La Bible. Un ensemble de livres qui fait le livre des anciens et des modernes. Les histoires sans fin, mais aussi les histoires si fines, les incompréhensibles cruautés du dieu hébraïque, le destin incompréhensible du nazaréen Jésus, fils de Marie et frère de Jacques.Le nombre de relectures ne fait rien à l'affaire : le texte reste rétif à l'épuisement, sa valeur perdure au travers des siècles, au travers des différentes interprétations. Les anglo-saxons en ont plus conscience que nous francophones, à cause des lectures qu'exigeait et autorisait le protestantisme, la bible est une pépinière pour tout le reste de la littérature. Sans bible, Shakespeare n'aurait pas été aussi riche. Sans bible, Rousseau, Voltaire, Hugo, Joyce, Proust, Nietzsche et Le Clézio n'auraient pas écrit comme ils l'ont fait.

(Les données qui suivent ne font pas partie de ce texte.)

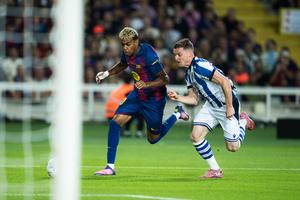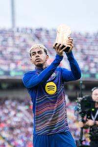 (250929) -- BARCELONA, 29 septiembre, 2025 (Xinhua) -- Imagen del 28 de septiembre de 2025 de Lamine Yamal (i), de...

Je ne peux malheureusement pas juger de la valeur littéraire du Coran, à cause d'une pratique et d'une culture versées dans le christianisme. Je n'ai que survolé les Prophécies de Saint Jean D'Acre, le grand livre de la foi Ba'hai, je ne peux donc pas non plus dire si je les lirais des années durant. Le Brahmasutra (c'est comme cela qu'on dit?), livre de la sagesse hindouiste, mérite-t-il aussi la rumination sans fin?
Mais je suis certain que la bible, si religieuse soit-elle, est une oeuvre littéraire sans égal dans l'histoire des hommes, par-delà son aspect composite.